[WORK ITEM]: Go through the data and tally the lines that include "jsou". The reply is that number alone.

Dataset entries:
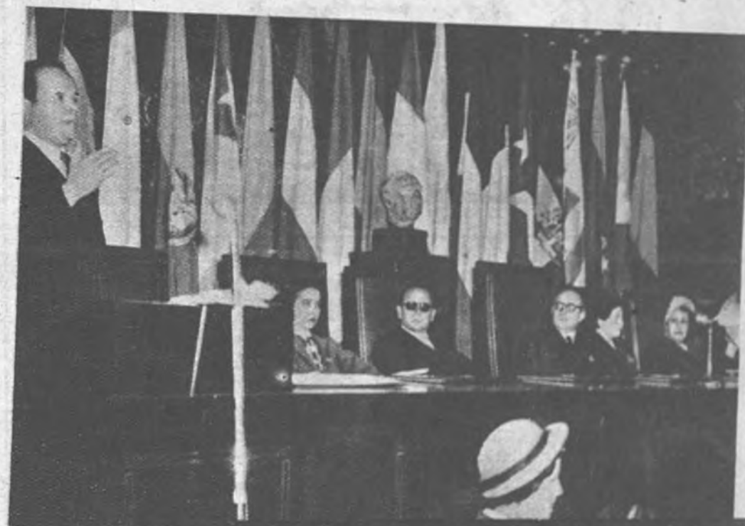
I CONGRESO FEMENINO HISPANOAMERICANO En la mañana de ayer, y en el salón de actos del Consejo de Investigaciones, se celebró la sesión inaugural de este Congreso, con la asistencia del Ministro de Educación Nacional, el Vicesecretario de Secciones, la Delegada Nacional de la Sección Femenina y distinguidas personalidades extranjeras.
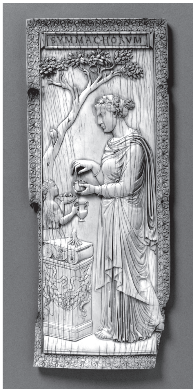
5. kép. A Symmachus és Nicomachus családok diptychonjának jobb szárnya. Róma, 5. század eleje, elefántcsont. Victoria and Albert Museum, London, ltsz. 212-1865

A 4. és az 5. század fordulóján a legvagyonosabb és legbefolyásosabb nyugatrómai előkelők 7 többféle alkalomhoz kötődően is diptychonokat küldtek ajándékba hasonlóan gazdag és hatalmas barátaiknak. Ezeket a kutatók hosszú ideig a consuli megrendelésre készült és általuk ajándékozott diptychonokkal azonos kategóriaként kezelték, megnevezésükre is a consuli diptychon kifejezést használták. A fent már idézett 384-es rendelet, valamint Claudianus Stílichót dicsőítő egyik költeménye ( De consulatu Stilichonis III. 346–349) és Anicius Probus 406-ra keltezhető faragványpárja 8 alapján consulok valóban
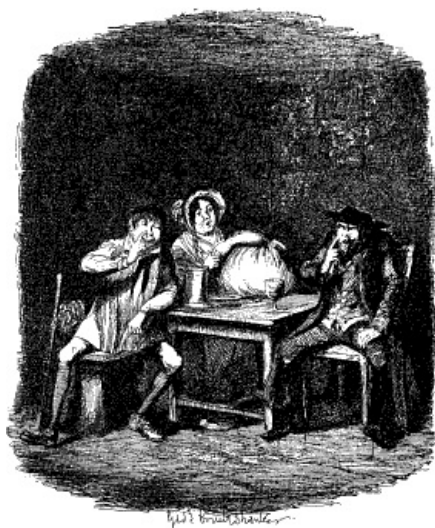
FAGIN ZETTE DEZE OPMERKING KRACHT BIJ, DOOR MET ZIJN RECHTER WIJSVINGER LANGS DEN KANT VAN ZIJN NEUS TE STRIJKEN.

„Wat zou ik er aan hebben, het te zeggen als ik 't niet meende?” vroeg Fagin, zijn schouders ophalend. „Hier! Laat me buiten de kamer een woordje met u alleen spreken.”
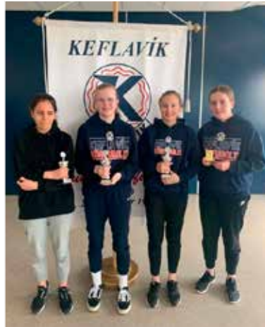
7. bekkur stúlkna.

Auk verðlauna fyrir mestu framfarir, besta varnarmanninn og besta leikmanninn þá voru einnig veitt sérverðlaun fyrir það að
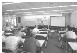
↑春日部市内の被害額はなんと約1億2400万円！(講座当時とても驚きました。)

警察の方から市内の状況の講演をいただいた後、「NPO法人春日部教育フォーラム」が、振り込め詐欺の手口を実演し、参加者は身近にある危険を学び、有意義な時間を過ごしました。
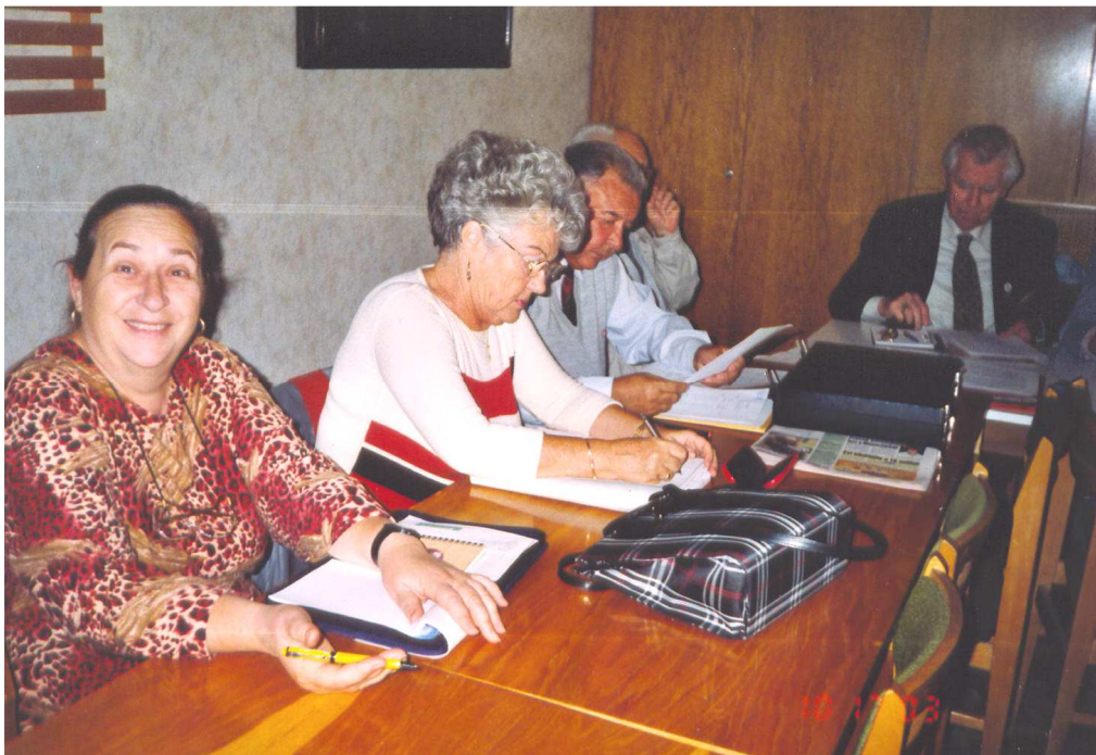
a Puskás Tivadar Híradó Bajtársi Egyesület elnökségi ülése
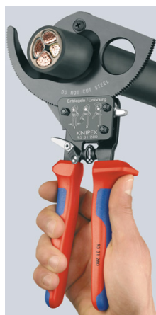
Skralleprinsipp og togangs tannkransdrift for kraftsparende skjæring
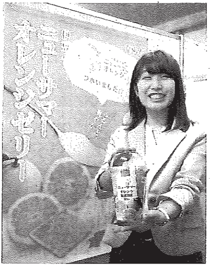
ニューサマーオレンジゼリーを紹介

【静岡・伊豆太陽】神奈川県小田原市にある加工品メーカー・しいの食品は、夏の行楽シーズンに合わせ1日、JA伊豆太陽の特産ニューサマーオレンジを使ったゼリーの販売を始めた。
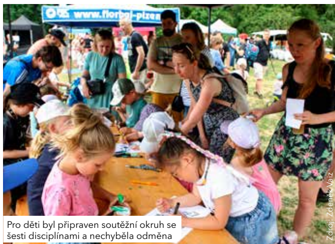
Pro děti byl připraven soutěžní okruh se šesti disciplínami a nechyběla odměna

„Dětský den pravidelně umísťujeme do Lobežského parku, který mají děti moc rády. Navíc jsou atrakce doplněny o herní prvky, které park nabízí. Každý si tak najde, co ho baví, a děti tady vždy stráví velmi příjemné odpoledne,“ dodává místostarosta Čtyřky Zdeněk Mádr.
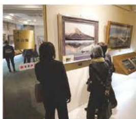
▲ 県外研修（視察）の様子

女性会とは？ 多種多様な業種からなる女性経営者等が集う団体です。 女性経営者として頑張っている方、夫の会社を支えている方、新たに事業を起した方など、各々違った立場で経営に携わっている女性メンバーが集まっています。 様々な事業を通じて自己研鑽、相互交流に努めています。 私たちと一緒に活動してみませんか。
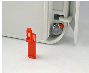
C6100006 Fiche de plombage PA 6 rouge
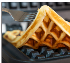
Antihaftbeschichtung für einfaches Ausbacken
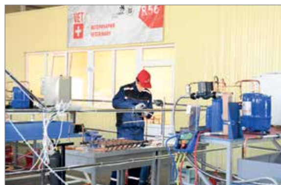
На базе вуза проходили соревнования в четырех компетенциях

Во время проведения регионального чемпионата «Молодые профессионалы» была организована широкая профориентационная работа со школьниками. Детям рассказали о перспективных направлениях обучения, познакомили с современным оборудованием.
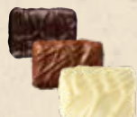
CASALEO Praliné au riz soufflé
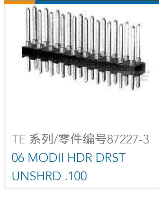
TE 系列/零件编号87227-3 06 MODII HDR DRST UNSHRD .100
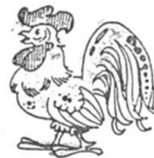
El gallo .....
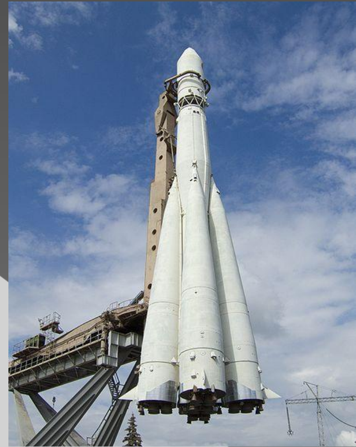
Макет ракеты-носителя “Восток” в Москве

Восток — наименование серии советских космических кораблей, предназначенных для полётов по околоземной орбите. Создавались под руководством генерального конструктора Сергея Павловича Королёва с 1958 по 1963 год.
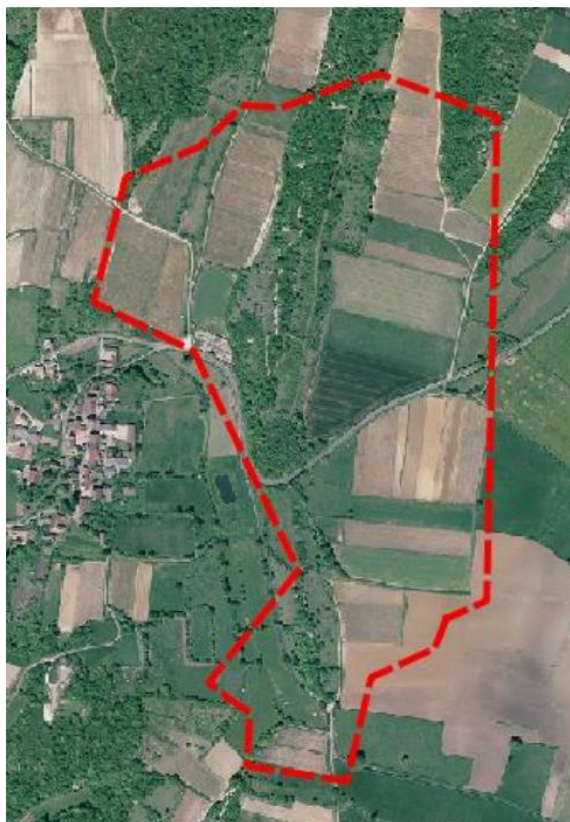
Zone de traitement
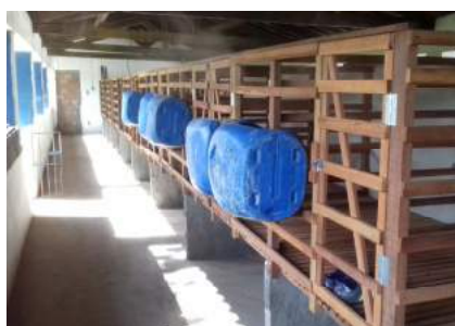
Readequação de instalação para experimentos
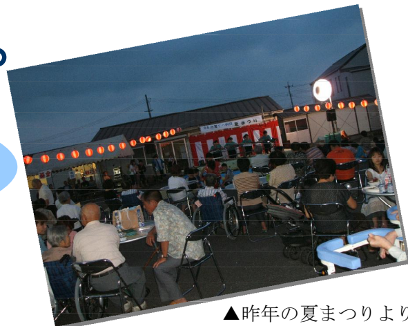
▲昨年の夏まつりより

※ステージ企画や出店、ゲームなど患者様も地域のみなさまにも楽しんでいただける企画を実行委員会で相談中です。アイデア・提案などお寄せください。
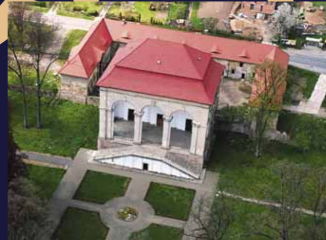
Areál s parkem Libosad

sáhlou dostavbu po osudném a nikdy zcela objasněném výbuchu střelného prachu v roce 1620 se však zasloužil Albrecht z Valdštejna. Dnes je palác sídlem několika institucí, z nichž pro návštěvníka nejvýznamnější jsou Regionální muzeum a galerie a Městské informační centrum.
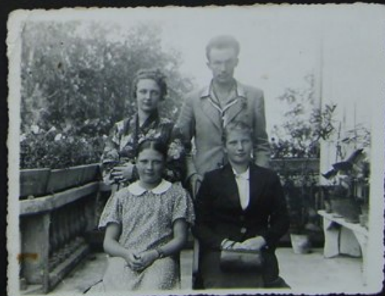
MANIUSIA, JA ANULKA, TEKUNIA
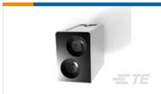
TE 零件编号1-1469373-1 ATCA GUIDE MODULE RA FEMALE
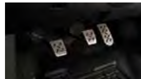
Pedales deportivos $85 MSRP instalado*
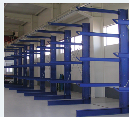
■ konzolni regali za skladišča
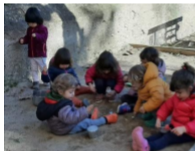
Els Petits Roures - Sant Feliu Sasserra
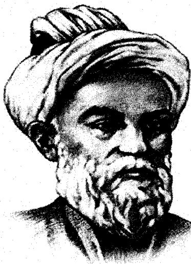
АВИЦЕННА (Абу-Али ибн Сина) ок. 980-1037
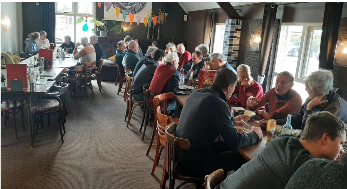
Genieten van een welverdiende en heerlijke lunch. Tijd om nog verder bij te praten en op te warmen
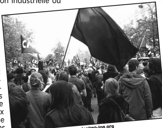
1er Mai 2004 à Paris

Aussi la CNT a-t-elle dès à présent une pratique syndicale qui dépasse la cogestion frileuse de la société telle qu'elle est. Il s'agit, bien entendu de défendre les intérêts immédiats des salariéEs mais aussi d'ébaucher dès maintenant un autre futur, en adoptant une méthodologie syndicale en rupture avec les schémas hiérarchiques qui régissent notre présent.
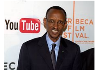
Paul Kagame en 2010.
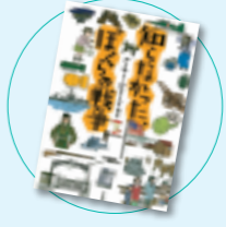
知らなかった、僕らの戦争 アーサー・ピナード編著(小学館)

長野まゆみ×田中健太郎「あめふらし」、穂村弘×ささめやゆき「赤ずきん」…。6人の人気作家と人気画家による夢の競演! 怖くて美しい、大人のための新・グリム童話集。
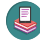
BUKU SEKOLAH ELEKTRONIK
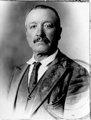
FIRMA DEL TITOLARE

Testa: alta. Capelli: neri. Occhi: azzurri. Naso: aquilino. Bocca: labbra carnose. Denti: sani. Pelle: chiara. Statura: media. Voci: forti.
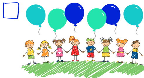
Activiteiten voor kinderen begeleiden

[ANSWER SPACE]: 2